● **About this exercise**
In the listing below, find the line containing "在淘宝经营着一家女装店的郑先" and the line containing "Die Beschreibung jung", then copy exactly everything from the first through the second, except the pictures.

● **Records for this exercise**
↓↓↓

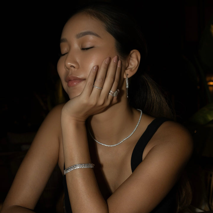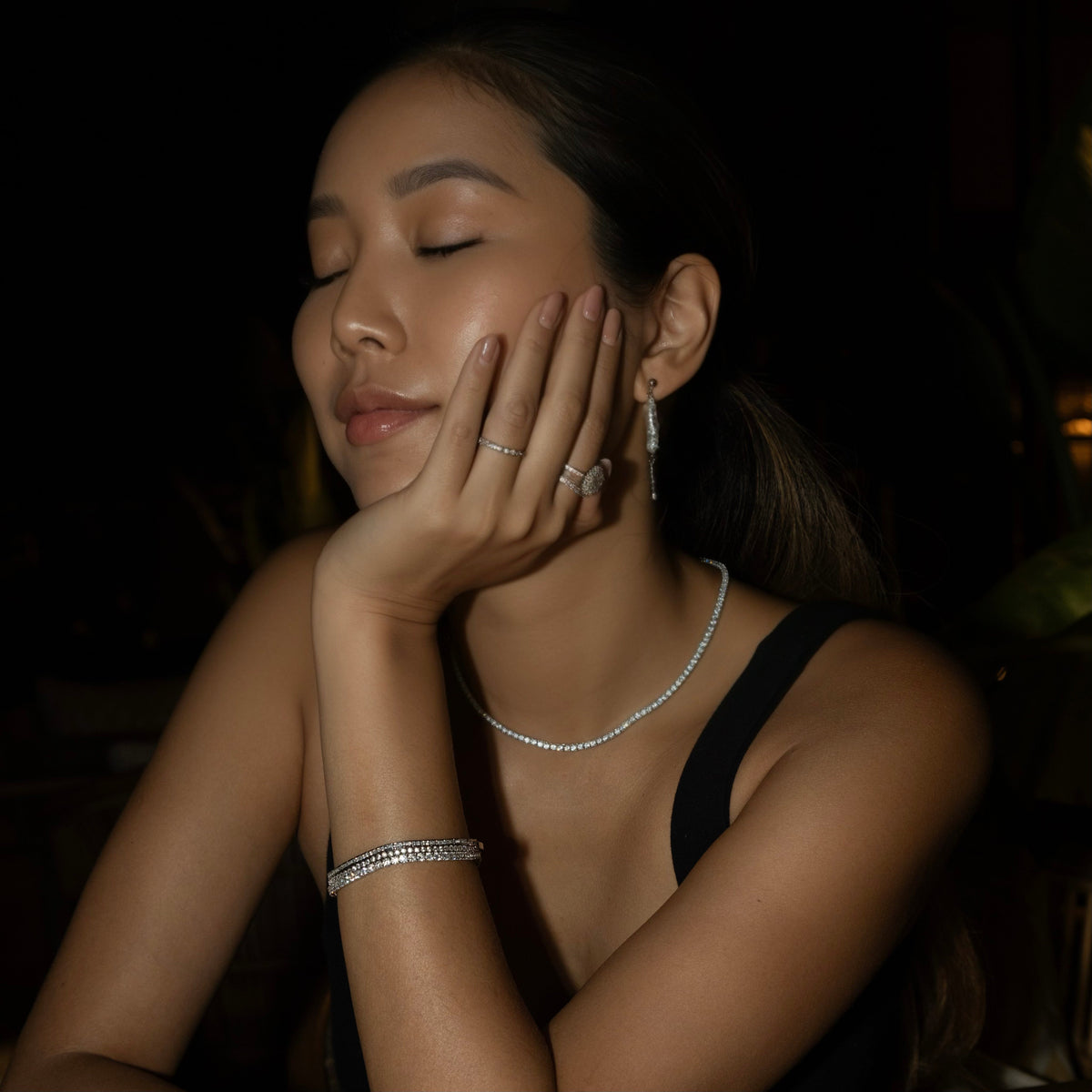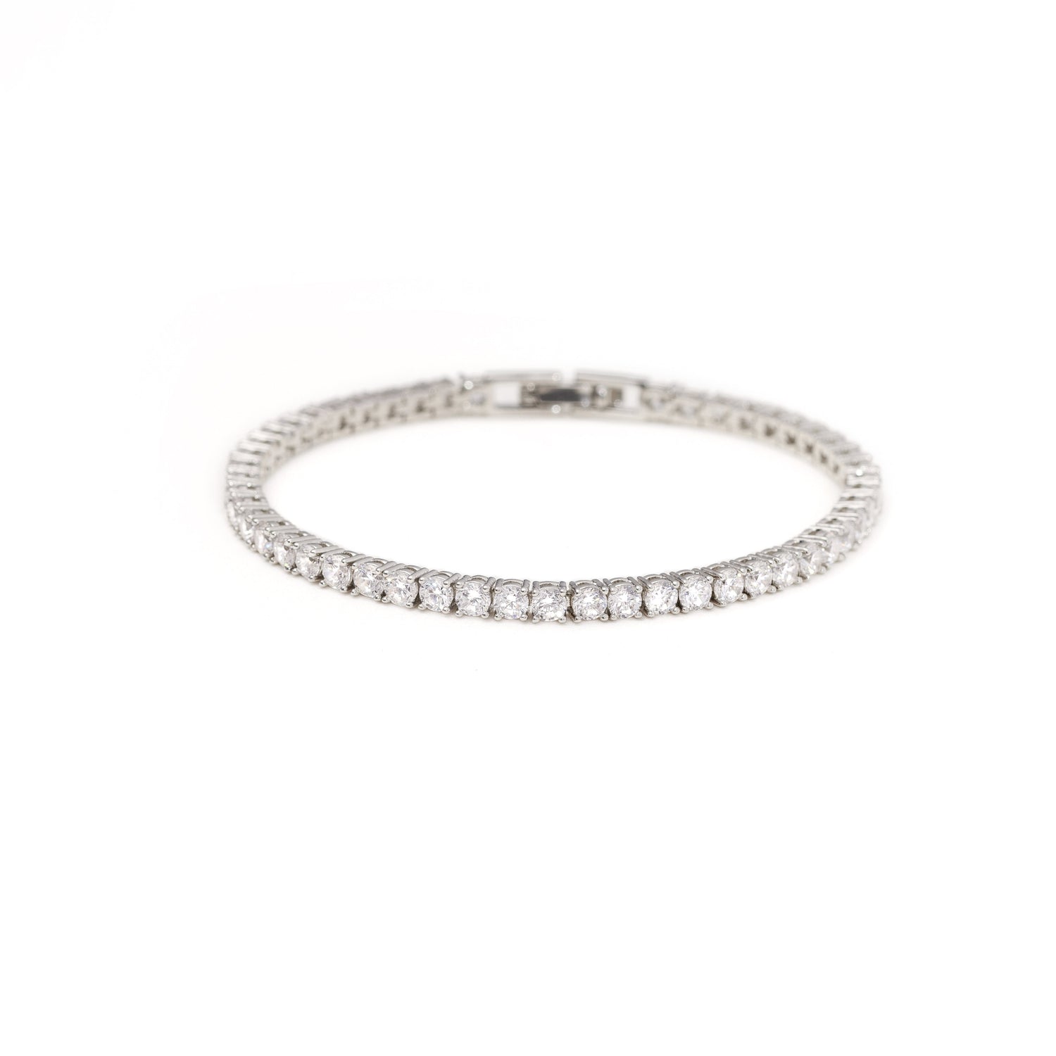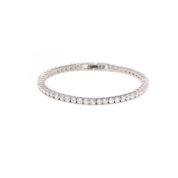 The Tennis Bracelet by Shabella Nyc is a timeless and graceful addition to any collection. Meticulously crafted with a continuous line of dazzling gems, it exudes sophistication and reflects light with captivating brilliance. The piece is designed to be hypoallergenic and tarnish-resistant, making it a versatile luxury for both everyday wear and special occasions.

↑↑↑
↓↓↓

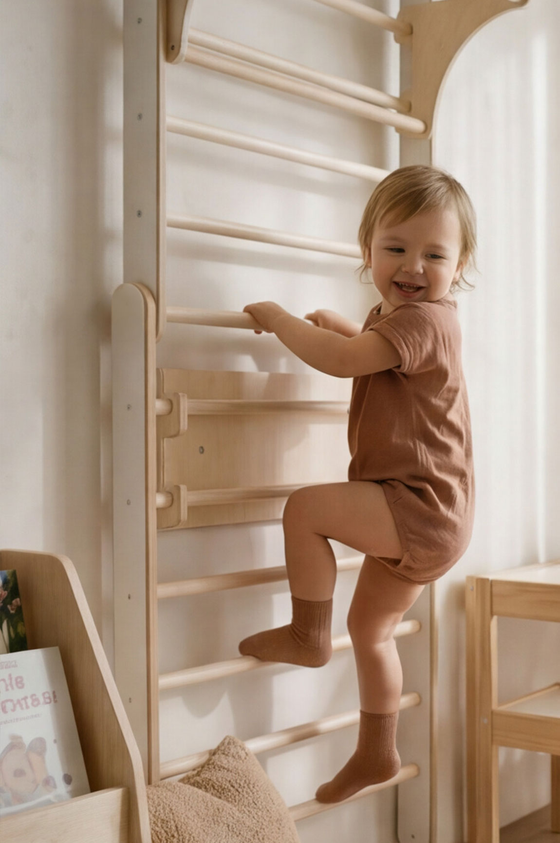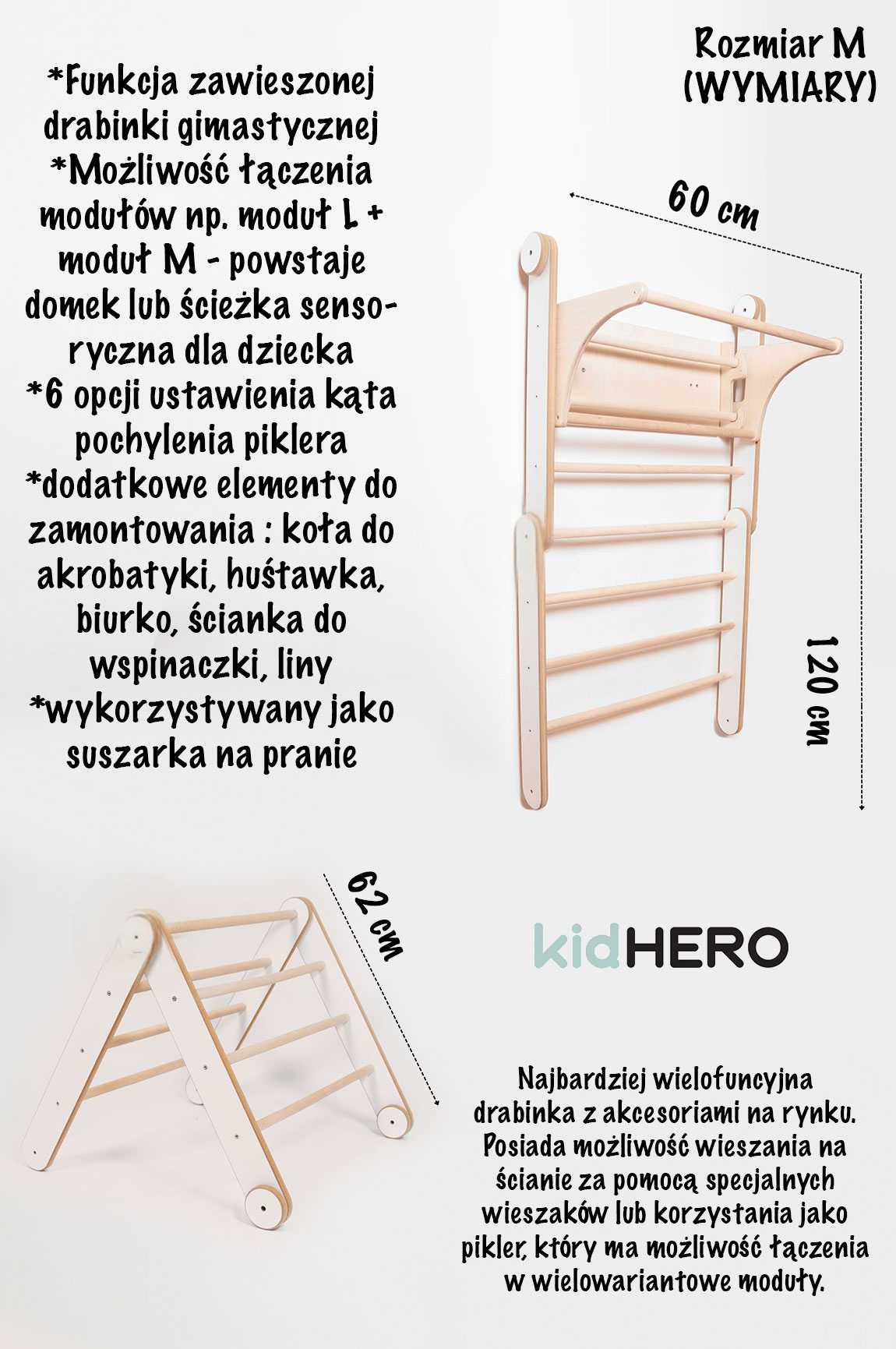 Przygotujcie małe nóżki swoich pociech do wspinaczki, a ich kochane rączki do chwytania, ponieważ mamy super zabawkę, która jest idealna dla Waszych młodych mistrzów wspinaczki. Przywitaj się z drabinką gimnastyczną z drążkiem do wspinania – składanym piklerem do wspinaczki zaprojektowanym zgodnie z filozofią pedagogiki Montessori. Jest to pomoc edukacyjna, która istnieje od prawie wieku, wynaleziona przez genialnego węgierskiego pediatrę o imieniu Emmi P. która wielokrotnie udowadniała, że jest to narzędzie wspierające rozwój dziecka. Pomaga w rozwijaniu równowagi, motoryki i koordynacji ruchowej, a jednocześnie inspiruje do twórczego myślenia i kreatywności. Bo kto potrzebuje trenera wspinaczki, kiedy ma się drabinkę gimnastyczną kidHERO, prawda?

↑↑↑
↓↓↓

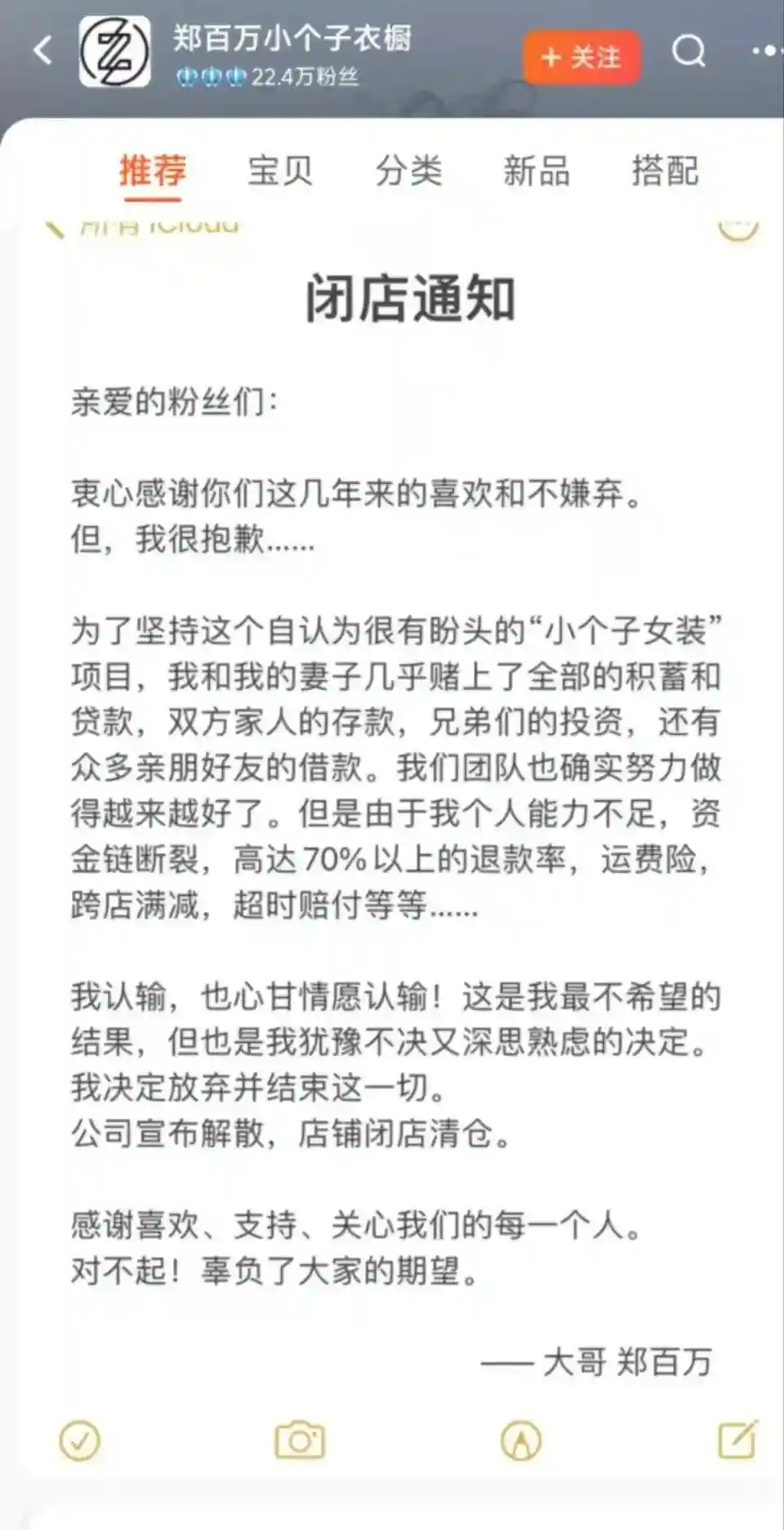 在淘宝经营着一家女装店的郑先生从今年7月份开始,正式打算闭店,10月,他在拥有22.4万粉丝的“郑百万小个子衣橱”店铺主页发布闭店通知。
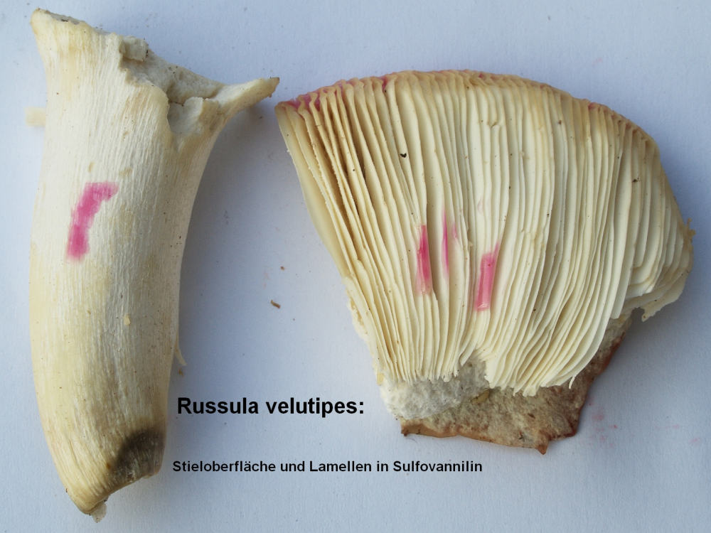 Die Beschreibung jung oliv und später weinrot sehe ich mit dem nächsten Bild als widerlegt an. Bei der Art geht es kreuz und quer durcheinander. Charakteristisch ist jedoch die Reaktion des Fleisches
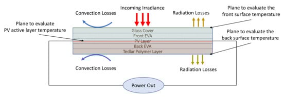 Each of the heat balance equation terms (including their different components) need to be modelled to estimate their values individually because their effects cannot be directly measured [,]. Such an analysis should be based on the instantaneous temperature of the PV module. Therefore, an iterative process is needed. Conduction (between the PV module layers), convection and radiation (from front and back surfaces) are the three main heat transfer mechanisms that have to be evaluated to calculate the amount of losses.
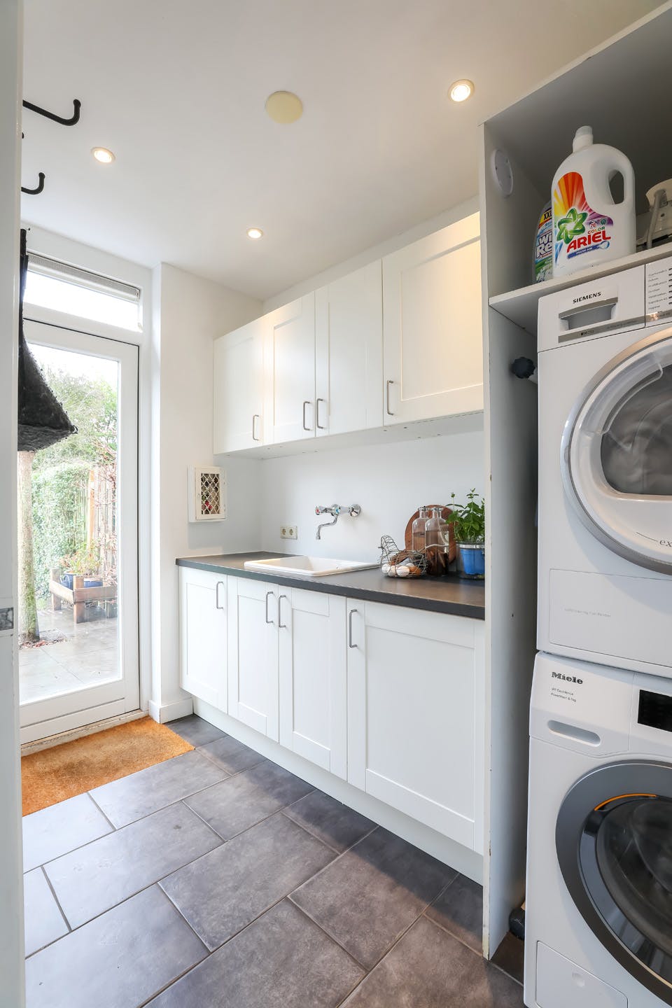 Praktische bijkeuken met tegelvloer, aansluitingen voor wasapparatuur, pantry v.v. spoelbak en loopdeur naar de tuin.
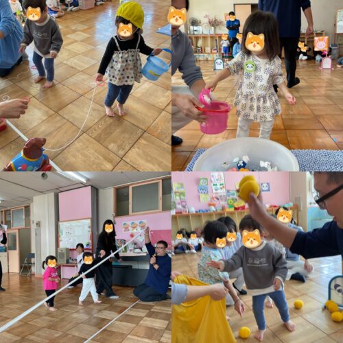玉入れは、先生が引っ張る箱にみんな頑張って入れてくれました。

↑↑↑

● **Solution**
 在淘宝经营着一家女装店的郑先生从今年7月份开始,正式打算闭店,10月,他在拥有22.4万粉丝的“郑百万小个子衣橱”店铺主页发布闭店通知。
 Die Beschreibung jung oliv und später weinrot sehe ich mit dem nächsten Bild als widerlegt an. Bei der Art geht es kreuz und quer durcheinander. Charakteristisch ist jedoch die Reaktion des Fleisches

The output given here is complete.